METROPOULOS ADVISORY AGREEMENT
 
     On October 1, 1993, the Corporation entered into an Advisory Agreement with
C. Dean Metropoulos (the "Advisory Agreement") pursuant to which Mr. Metropoulos
agreed to provide advisory services to the Corporation. As compensation for all
services rendered by Mr. Metropoulos pursuant to the Advisory Agreement and in
connection with his employment as Chief Executive Officer of the Corporation,
Mr. Metropoulos received from the Corporation during 1996 an aggregate of
$484,615 and was reimbursed $100,000 in expenses. The Advisory Agreement
terminated on October 1, 1996 in accordance with its terms.
 
EMPLOYMENT AGREEMENTS
 
     Metropoulos Employment Agreement. Mr. Metropoulos entered into an
employment agreement with the Corporation on October 1, 1996. Pursuant to his
employment agreement, Mr. Metropoulos will serve as Chairman of the Board and
Chief Executive Officer of the Corporation through October 1, 1999, unless
earlier terminated. Unless either party gives written notice to the contrary
prior to October 1 of each year that the employment agreement is in effect, the
employment agreement will automatically be extended for an additional year so
that, as of each October 1, the remaining term of the employment agreement will
be three years.
 
     The compensation provided to Mr. Metropoulos under his employment agreement
includes an annual base salary of not less than $600,000, subject to increase in
the event of a material acquisition or like event which materially changes or
increases his duties and responsibilities, and such benefits as are customarily
accorded the executives of the Corporation. In addition, Mr. Metropoulos is
entitled to an annual bonus in an amount not to exceed $300,000, such bonus to
be payable based on an EBITDA (as hereinafter defined) target established for
such year by the Board of Directors. "EBITDA" means the Corporation's earnings
before interest, taxes, depreciation and amortization.
 
     Mr. Metropoulos' employment agreement also provides that if his employment
is terminated due to disability or death, Mr. Metropoulos or his estate, heirs
or beneficiaries, as the case may be, will receive, in addition to any other
benefits provided under any benefit plan, Mr. Metropoulos' then current base
salary and bonus (based on the prior year's bonus) for a period of two years
from his disability or death. In the event that (i) Mr. Metropoulos terminates
his employment with the Corporation for good reason (as defined), (ii) a
triggering event (as defined), including, but not limited to, a change in
control of the Corporation, occurs, or (iii) the Corporation terminates Mr.

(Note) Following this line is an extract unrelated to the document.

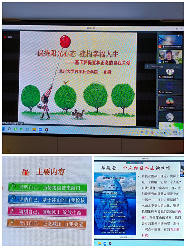 講座特邀蘭州大學哲學社會學院、心理中心兼職督導師彭賢副教授作了題為“保持陽光心態(tài) 建構(gòu)幸福人生——基于薩提亞和正念的自我關愛”的報告。報告圍繞聆聽自己、評估自己、調(diào)頻自己、活出自己四個方面,結(jié)合大量案例解析,介紹了薩提亞和正念的心理調(diào)節(jié)方法和技巧。
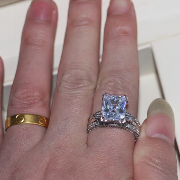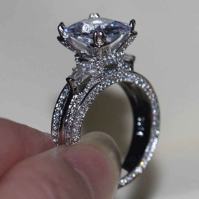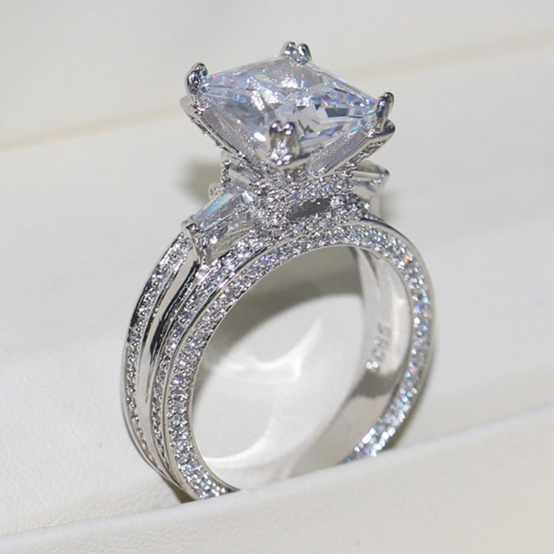 خاتم الأميرة المربع الجديد الأكثر مبيعًا على الطراز الأوروبي والأمريكي المرصع بالزركون مجوهرات نسائية خاتم خطوبة وزواج

Metropoulos' employment for any reason other than cause (as defined) or Mr.
Metropoulos' retirement or resignation without good reason, Mr. Metropoulos will
receive, in a lump sum, in cash, an amount equal to his then current base salary
and bonus (based on the prior year's bonus) for the balance of the then existing
three-year term of the employment agreement. Additionally, Mr. Metropoulos'
employment agreement contains a noncompetition provision pursuant to which he
has agreed that, for a period of two years following the date of his termination
of employment with the Corporation, he will not, subject to certain exceptions,
solicit certain employees, clients or customers of the Corporation or engage in,
invest in or render services to any entity having as its principal business the
specialty dairy foods business.
 
     Cramer Employment Agreement. Mr. Cramer entered into an employment
agreement with the Corporation on October 1, 1995. Pursuant to his employment
agreement, Mr. Cramer will serve as the Executive Vice President and Secretary
of the Corporation and its subsidiaries. The employment agreement will continue
in effect until terminated in accordance with the provisions thereof (as
described below).
 
     Pursuant to his employment agreement, Mr. Cramer is entitled to an annual
compensation package (the "Annual Compensation") based on the salary, bonus and
allowances, if any, earned by Mr. Cramer for the year 1995 (whether paid in 1995
or otherwise). Mr. Cramer also is entitled to such benefits as are customarily
accorded the executives of the Corporation. Mr. Cramer is required to devote
sufficient time, attention and energies to the business of the Corporation to
accomplish the duties set forth in his employment agreement.
 
                                       11
<PAGE>   14
 
     Mr. Cramer's employment agreement may be terminated (i) by the Corporation
for cause (as defined) and (ii) by Mr. Cramer upon giving the applicable written
notice to the Corporation. If Mr. Cramer's employment is terminated by the
Corporation for any reason other than cause, he will receive from the
Corporation an amount equal to 1.5 times his Annual Compensation for the last
full year of employment; provided, that such amount shall not be less than
$200,000. In addition, the Corporation will maintain Mr. Cramer's medical and
dental insurance for a period of one year after his termination on the same
terms and conditions which existed prior to his termination.
 
     In the event the Corporation (i) sells a majority of its assets or (ii)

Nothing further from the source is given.